Exercise prompt:
Output only the lines of the entries that follow, starting at the one with "1996 Spectra Precision" and running down to the one with "Мой любимый мальчик", both included and unchanged.

Data for this exercise:
[Start of section]

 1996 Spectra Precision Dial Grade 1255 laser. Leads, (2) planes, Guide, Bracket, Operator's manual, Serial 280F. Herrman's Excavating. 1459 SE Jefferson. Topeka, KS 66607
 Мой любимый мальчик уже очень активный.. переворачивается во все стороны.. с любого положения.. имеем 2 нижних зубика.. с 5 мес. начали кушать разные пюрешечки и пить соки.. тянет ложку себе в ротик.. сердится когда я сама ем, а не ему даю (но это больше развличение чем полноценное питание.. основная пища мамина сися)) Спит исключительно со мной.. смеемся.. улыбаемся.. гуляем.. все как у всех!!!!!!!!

[End of section]
[Start of section]

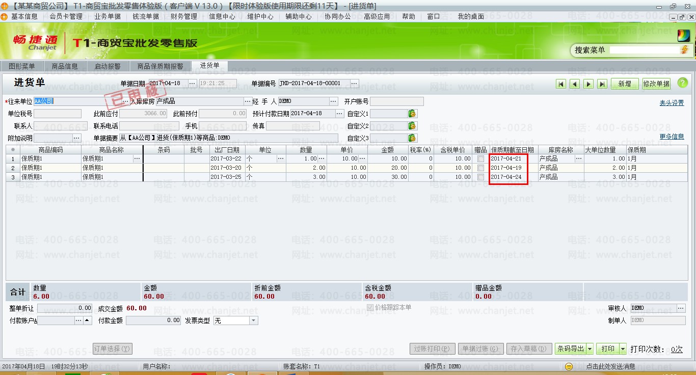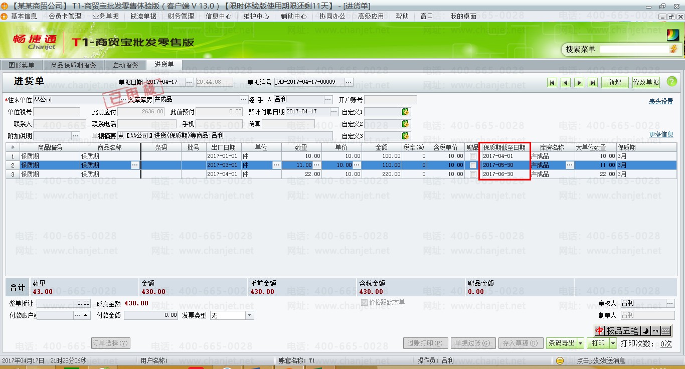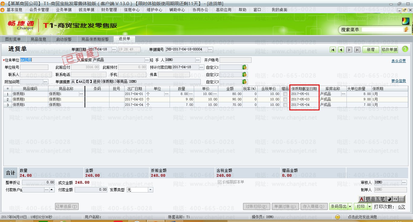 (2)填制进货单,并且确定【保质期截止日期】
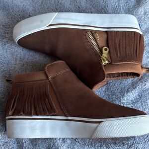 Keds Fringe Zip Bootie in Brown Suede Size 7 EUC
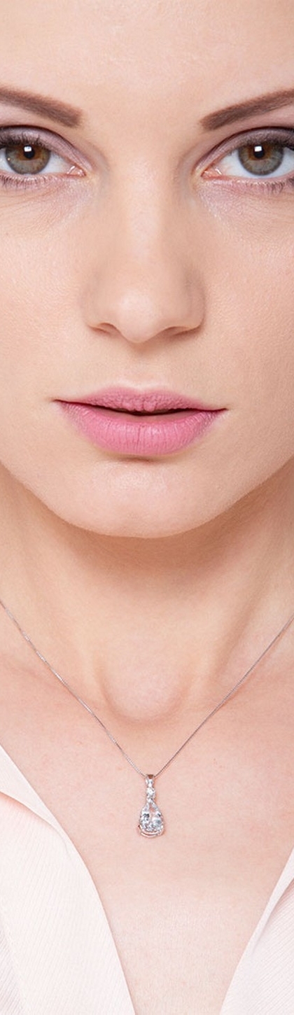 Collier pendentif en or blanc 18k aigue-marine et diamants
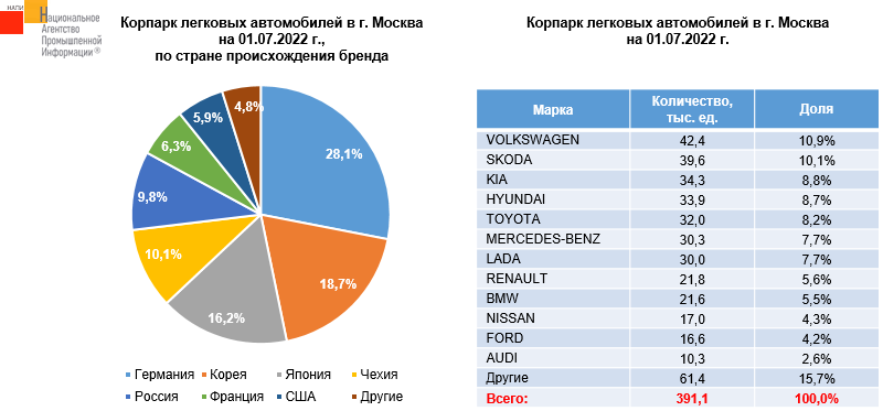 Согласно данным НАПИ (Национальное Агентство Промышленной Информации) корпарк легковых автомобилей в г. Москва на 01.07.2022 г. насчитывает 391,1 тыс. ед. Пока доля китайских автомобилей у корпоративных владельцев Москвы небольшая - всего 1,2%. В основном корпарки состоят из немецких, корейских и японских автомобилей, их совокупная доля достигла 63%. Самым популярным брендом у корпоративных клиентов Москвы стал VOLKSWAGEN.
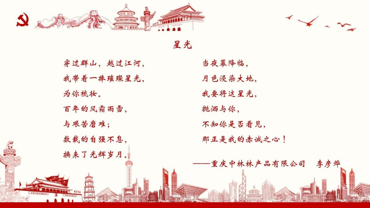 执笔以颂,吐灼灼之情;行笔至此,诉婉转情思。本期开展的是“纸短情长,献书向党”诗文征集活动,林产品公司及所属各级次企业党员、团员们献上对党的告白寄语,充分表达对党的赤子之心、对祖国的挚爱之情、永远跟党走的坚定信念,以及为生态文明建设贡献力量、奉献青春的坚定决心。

[End of section]

Expected answer:
 1996 Spectra Precision Dial Grade 1255 laser. Leads, (2) planes, Guide, Bracket, Operator's manual, Serial 280F. Herrman's Excavating. 1459 SE Jefferson. Topeka, KS 66607
 Мой любимый мальчик уже очень активный.. переворачивается во все стороны.. с любого положения.. имеем 2 нижних зубика.. с 5 мес. начали кушать разные пюрешечки и пить соки.. тянет ложку себе в ротик.. сердится когда я сама ем, а не ему даю (но это больше развличение чем полноценное питание.. основная пища мамина сися)) Спит исключительно со мной.. смеемся.. улыбаемся.. гуляем.. все как у всех!!!!!!!!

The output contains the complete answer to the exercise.